Author + information
- Received November 23, 2012
- Revision received December 21, 2012
- Accepted January 8, 2013
- Published online April 9, 2013.
- Kaisa Ylänen, MD⁎,⁎ (, )
- Tuija Poutanen, MD, PhD⁎,
- Päivi Savikurki-Heikkilä, MD†,
- Irina Rinta-Kiikka, MD, PhD†,
- Anneli Eerola, MD, PhD⁎ and
- Kim Vettenranta, MD, PhD⁎
- ↵⁎Reprint requests and correspondence:
Dr. Kaisa Ylänen, Tampere University Hospital, Department of Pediatrics, P.O. Box 2000, FI-33521 Tampere, Finland
Objectives This study sought to examine the left ventricular (LV) and right ventricular (RV) function and signs of focal fibrosis among long-term survivors of childhood cancer with the use of cardiac magnetic resonance (CMR) imaging.
Background Increased myocardial fibrosis has been detected in the endomyocardial biopsies of survivors. CMR has established its role in the assessment of both cardiac function and structure, and focal fibrosis of the myocardium is detectable with late gadolinium enhancement (LGE).
Methods Sixty-two anthracycline-exposed long-term survivors of childhood cancer were studied at a mean age of 14.6 years. The LV and RV ejection fractions (EFs) and volumes were measured, and LGE was assessed using CMR.
Results An abnormal LV function (EF <45%) was detected in 18% (11 of 62) of the survivors, and an abnormal RV function was detected in 27% (17 of 62) of the survivors. Subnormal (45% ≤ EF <55%) LV function were demonstrated in 61% (38 of 62) and subnormal RV function in 53% (33 of 62) of the survivors, respectively. Both the LV and RV end-systolic and LV end-diastolic volumes were increased compared with reference values. None of the study patients showed LGE.
Conclusions A considerable proportion of the long-term survivors of childhood cancer with anthracycline exposure demonstrate signs of cardiac dysfunction detectable by CMR, with the RV also being involved. Yet, myocardial fibrosis does not seem to be detectable at a median of 7.8 years after anthracycline therapy.
Anthracyclines are widely used in the treatment of many childhood malignancies, but a dose-dependent cardiotoxicity is limiting their use. Late toxicity is defined as cardiac abnormalities developing no earlier than 1 year after anthracycline treatment, but in some cases it is not discernible until years or decades later. Late cardiotoxicity can manifest as subclinical abnormalities in the cardiac function, dilated cardiomyopathy, and/or heart failure and is usually irreversible. The cumulative drug dose, mediastinal irradiation, young age at exposure, female sex, and time post-exposure are known risk factors for anthracycline cardiomyopathy also modified by genetic factors (1–3). The prevalence of subclinical cardiotoxicity is between 0% and 57% (4), and the prevalence of anthracycline-induced clinical heart failure is between 0% and 16% (5). Mulrooney et al. (2) reported a cumulative incidence of congestive heart failure exceeding 7.5% at 30 years among those with a cumulative anthracycline dose ≥250 mg/m2 and 2.5% among those with a lower dose. Published data also indicate that a left ventricular (LV) dysfunction, frank heart failure (6), and terminal cardiomyopathy (7) may occur even at lower doses. Childhood cancer survivors thus seem at an increased risk for anthracycline cardiotoxicity with their young age at exposure and longer life expectancy.
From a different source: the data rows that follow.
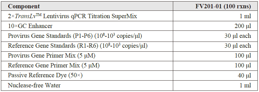 TransLvTM Lentivirus qPCR Titration Kit提供了一種利用qPCR方法檢測(cè)慢病毒轉(zhuǎn)導(dǎo)細(xì)胞中整合的前病毒序列拷貝數(shù)的方法。該方法簡(jiǎn)單快速、靈敏高效,兼容第二代和第三代HIV-1慢病毒包裝載體。慢病毒包裝后轉(zhuǎn)導(dǎo)易感細(xì)胞 (如HT1080,HEK-293T等),提取慢病毒轉(zhuǎn)導(dǎo)細(xì)胞基因組,進(jìn)行qPCR反應(yīng),通過(guò)標(biāo)準(zhǔn)曲線Ct值計(jì)算整合的前病毒拷貝數(shù),進(jìn)而得到確定的慢病毒滴度。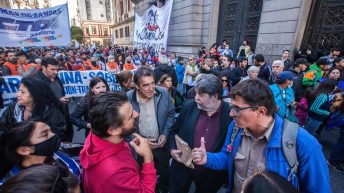 El primer fue Ricardo Peidro, secretario General de la CTA Autónoma: “Se forman comisiones para que no hagan nada, para que se frene cualquier investigación y decimos claramente que para construir esa justicia social tenemos que sacarnos al FMI de encima. No hay ninguna posibilidad de hacerlo si no rechazamos el co-gobierno del Fondo Monetario Internacional. Las consecuencias se verán de acá al año 2023, si no tomamos medidas, le vamos a tender la alfombra roja para que vuelvan al Gobierno. Los compañeros y compañeras acá y en todo el país debemos plantarnos y decir que las estafas no se pagan, tenemos la certeza de que nos vamos asacar al fondo de encima y vamos a construir la sociedad que queremos”.
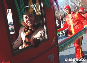 中國農(nóng)歷大年初一,北京各大公園別具特色的廟會(huì)活動(dòng)紅紅火火地開始了,大觀園內(nèi)仿照中國古代新娘出嫁坐花轎的游樂項(xiàng)目,引來許多平日坐慣轎車的現(xiàn)代女性,鉆進(jìn)花轎品嘗舊時(shí)“新娘”滋味。中新社記者:王麗南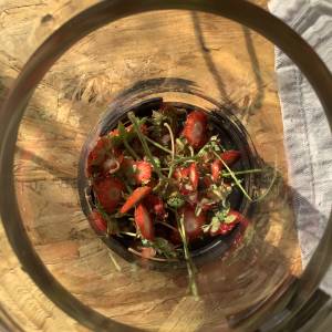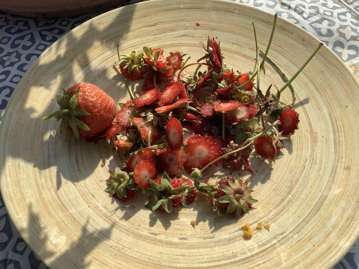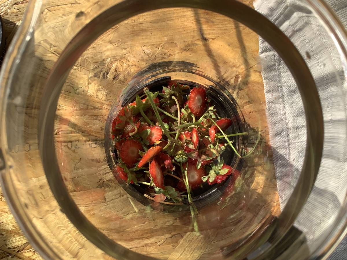 Kein Quatsch, Erdbeerstöpselchen - also das, was abgeschnitten und meist weggeworfen wird - sind nicht nur verwendbar, sondern sie enthalten mehr Gutes als die ganze Erdbeere. Das Häuflein, das entsteht, wenn man 300 g Erdbeeren verzehrfertig macht, reicht für eine ganze Kanne Tee. Richtig: aufgiessen, schön lang ziehen lassen, und sofort oder kaltgestellt später trinken, leckerer Früchteteegeschmack. Natürlich kann man die Stöpsel auch dranlassen und mitessen... Gewusst?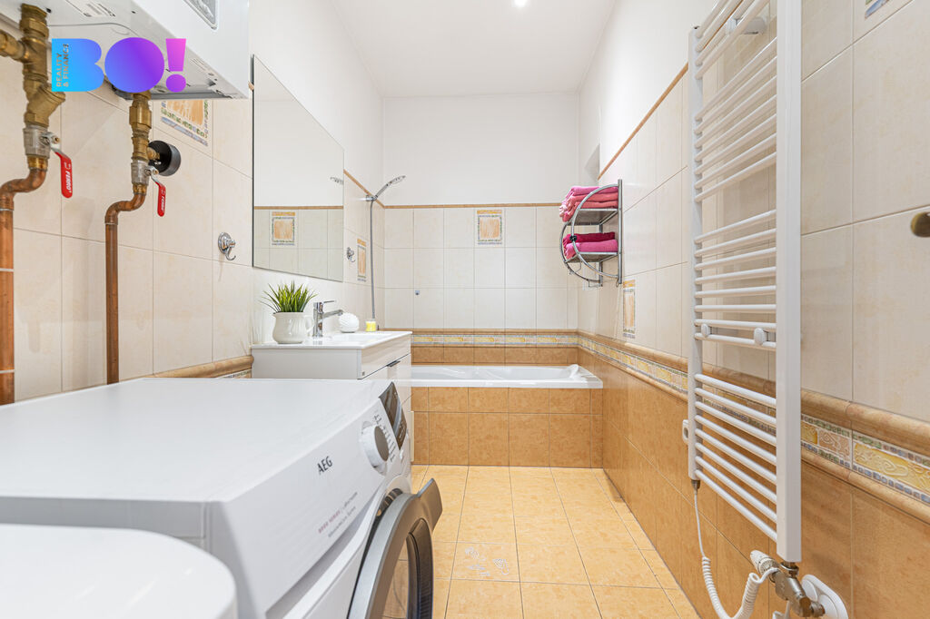 Byt se nachází ve vnitrobloku, což zajišťuje naprostý klid a soukromí, přestože se nacházíte v samém centru města. V okolí je veškerá občanská vybavenost, včetně mateřské a základní školy, obchodů, restaurací, lékařů, pošty a dětských hřišť. Tato lokalita je ideální pro rodiny s dětmi, ale také nabízí vynikající investiční příležitost.

Among the cancer survivors, echocardiography has been widely used in the follow-up of cardiac function, but it has limitations in sensitivity and problems caused by a suboptimal acoustic window (8,9). Cardiac magnetic resonance (CMR) imaging is considered a standard of reference in the assessment of cardiac function and structure against which other modalities are validated (10,11). With anthracycline cardiomyopathy having been thought to involve mainly the LV, the follow-up protocols of cancer survivors have, until recently, largely neglected the right ventricle (RV) with its complex anatomy and scarcity of optimal imaging methods. CMR is considered the best method for visualizing the RV (12) and thus used in the follow-up of heart diseases affecting the RV (13).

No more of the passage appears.